Start with the following boilerplate. With this, you can jump straight to adding your steps/logic.

There are three significant parts to this boilerplate. Note that the kind is currently Workflow - not ClusterWorkflowTemplate at this point. This is for convenience to allow you to submit the workflow directly when testing.

1) Metadata¶

At the top we see a metadata section. Here you must name the template; the name must be unique for the namespace (i.e. session ID) you are using. There is also the option to add a science-group, title and description. These fields are all optional but it is recommended to fill them in as they're used when filtering and searching for templates. At the time of writing, these are the only fields, but these will be expanded in future.

2) The Entrypoint¶

All workflows need an entrypoint to start from. In workflows where only one step is used, the entry-point can be a normal template. Here, however, we use a dag (directed acyclic graph). The dag is itself a template that lets us link multiple other templates, identified as tasks.

3) Volume Mounts¶

For the sake of security, no workflow can write to its own filesystem - but in practice, almost all will need to. To facilitate this, add one (or more) volumeClaimTemplates to the workflow spec. When using the volumeClaimTemplate in multiple steps, the steps will share the same files.

Volume Mounts

When creating artifacts, you must use a volume mount to store them in. Be careful not to overwrite artifacts in parallel steps - particularly if reusing the same template multiple times or using loops.

apiVersion: argoproj.io/v1alpha1
kind: Workflow
metadata:
  name: boilerplate-example
  labels:
    workflows.diamond.ac.uk/science-group: workflows-examples
  annotations:
    workflows.argoproj.io/title: boiler-plate-example for docs
    workflows.argoproj.io/description: |
        This is an example demo-ing the boilerplate

spec:
  entrypoint: workflow-entry
  volumeClaimTemplates:
  - metadata:
      name: tmpdir
    spec:
      accessModes: [ "ReadWriteOnce" ]
      resources:
        requests:
          storage: 1Gi
      storageClassName: local-path

  templates:
  - name: step-one
    script:
      image: busybox
      command: [bash]
      source: |
        echo "Hello world"

  - name: workflow-entry
    dag:
      tasks:
      - name: step-one
        template: step-one

Validating The Workflow¶

Now you have the boilerplate, it is worth knowing how to check if the workflow is actually correct. Load the workflows module to access the workflows tool.

module load workflows
workflows lint workflow.yaml

If all has gone to plan, this should return no linting errors.

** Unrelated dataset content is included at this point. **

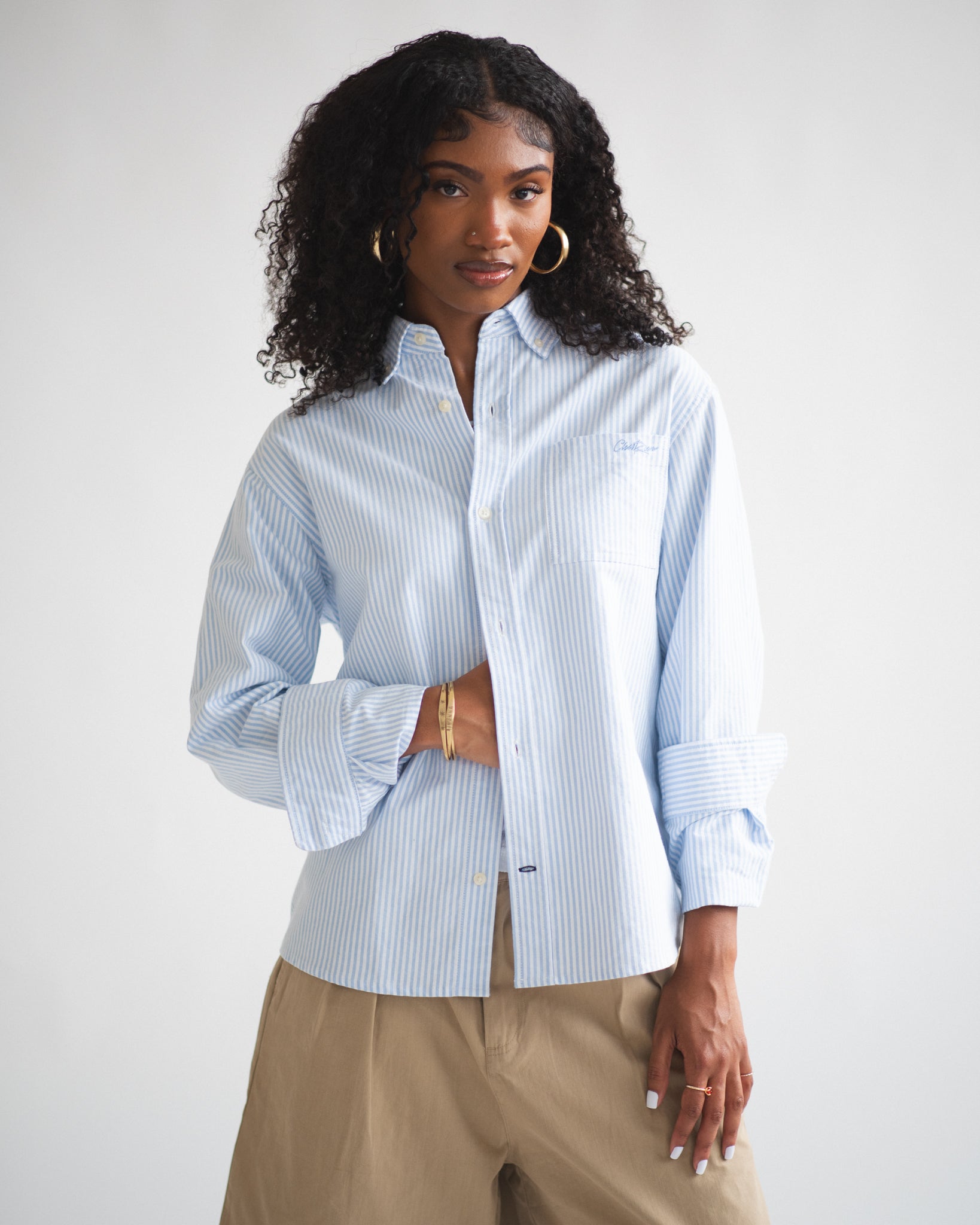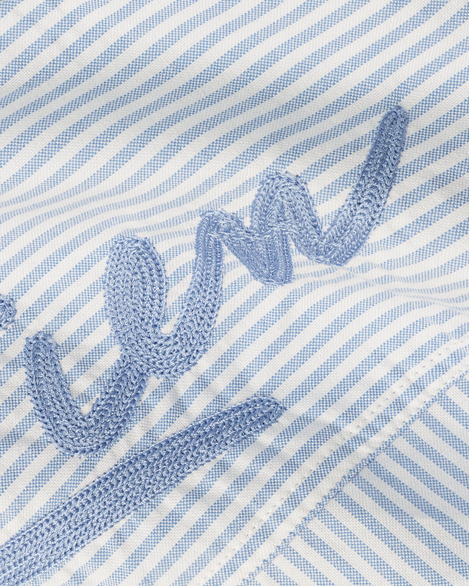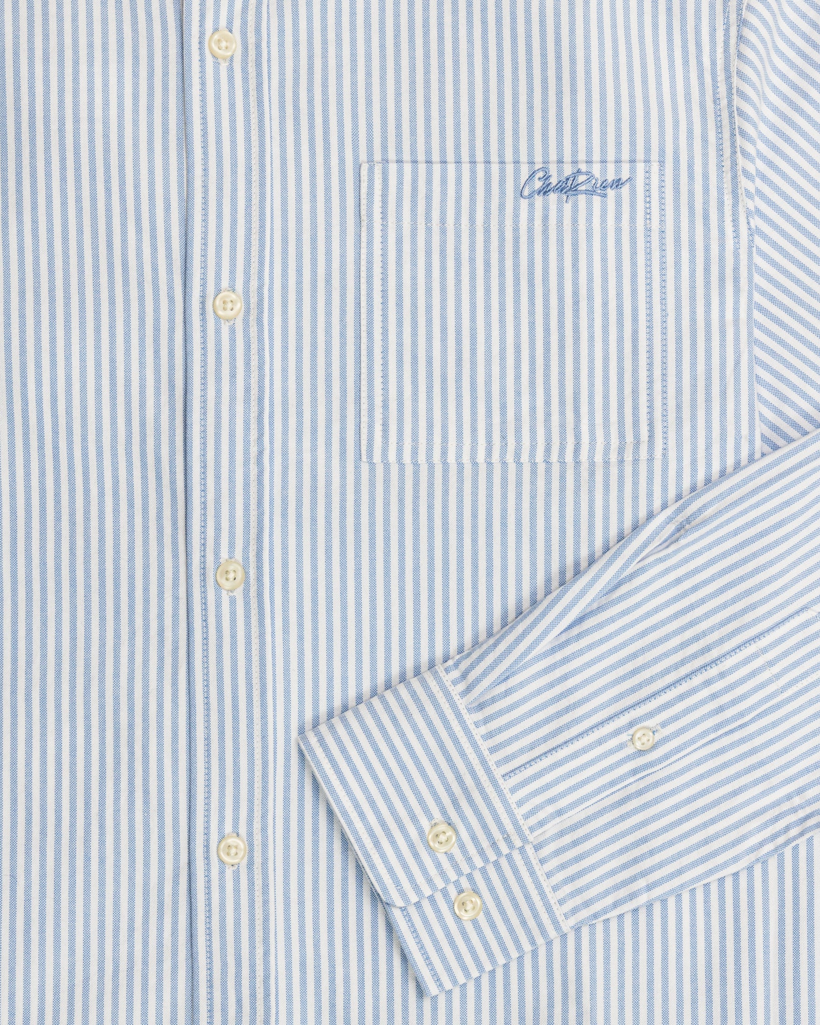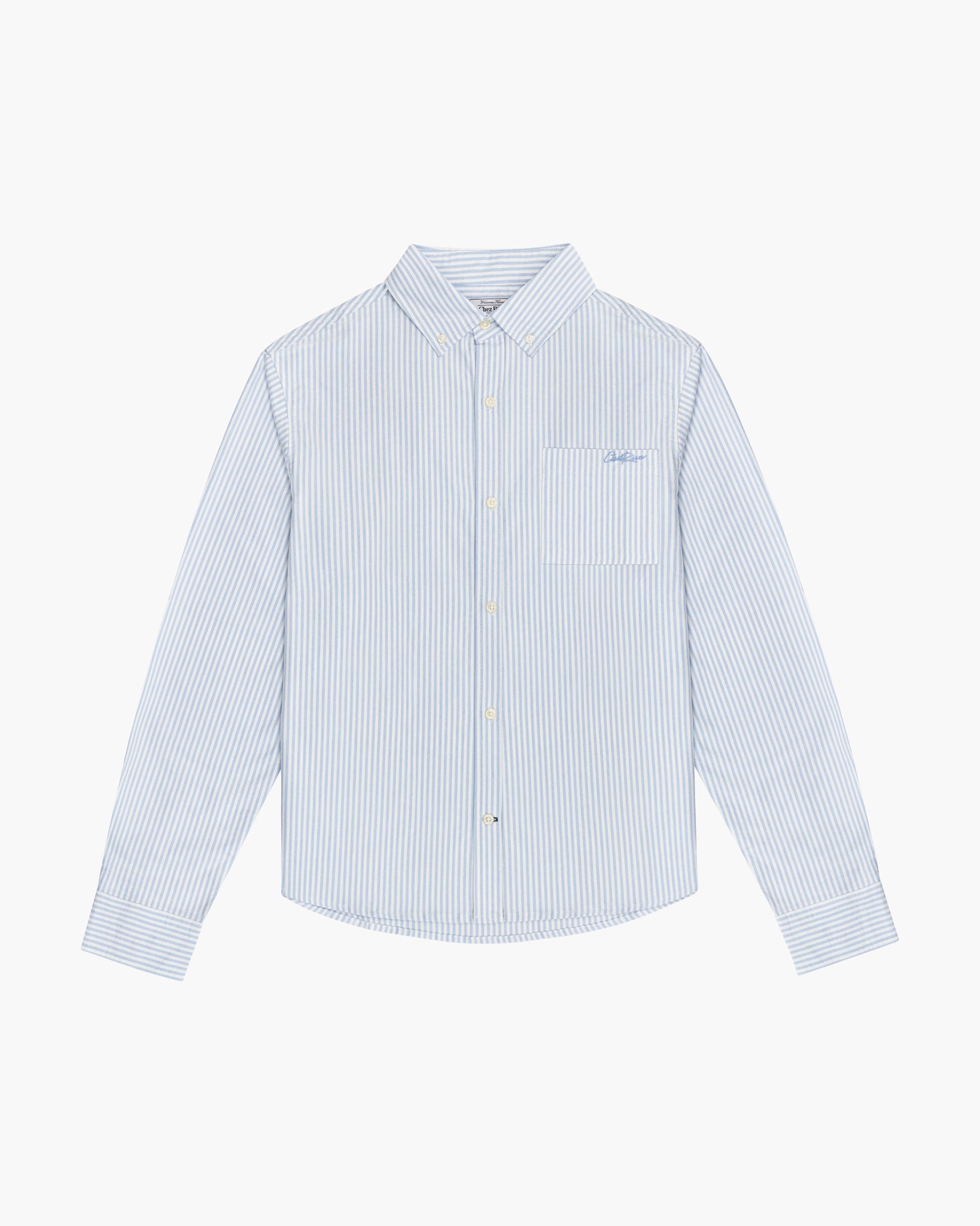 Our Chainstitch Oxford Shirt in Blue Stripe. Classic light blue striped oxford shirt, featuring our script logo in a tonal chainstitch embroidery on the back yoke. Constructed from a rugged midweight cotton fabric, with a boxy untucked fit.
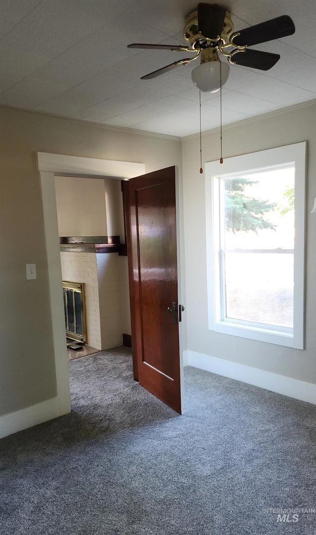 Built in 1920, this home features original woodwork and a brick fireplace. Recent updates include new carpet, paint, countertops, and a new stove/oven. The bathroom has also been updated. The exterior has fresh paint. Includes a covered front porch and an extra large two-car garage. A small, manageable yard is ideal for low-maintenance living. The unfinished basement provides ample storage. Centrally located.

Adding Some Functionality¶

The goal is to create a workflow that will accept some inputs, do some pre-processing and then run analysis on the result of that pre-processing.

The workflow will take in a start, stop and step and then plot a sine function across that range. This will be built from the ground-up, starting first with the individual steps and then linking together those steps to form a complete workflow.

1) Writing The Tasks¶

First, we must install required dependencies. I am using scripts here, rather than containers for clarity, but the actual functionality can come from a range of inputs - including local-files. Remember the files-system is readonly - so we must create a venv in a writeable location and then install the requirements into that.

No Caching

Images often will not have a .cache directory, which can lead to issues when installing packages using pip. To avoid this, use the --no-cache-dir flag, as seen below.

  - name: install-dependencies
    script:
      image: python:3.10
      volumeMounts:
      - name: tmpdir
        mountPath: /tmp
      command: [bash]
      source: |
        python -m venv /tmp/venv
        /tmp/venv/bin/pip install --no-cache-dir numpy matplotlib

Now we have have our venv configured, we can do some pre-processing to inform the next step. The pre-processing step accepts our bounds and step as we described above. Here I print the range and output it as an artifact for convenience, but this isn't necessary. See the creating artifacts page for further information about this.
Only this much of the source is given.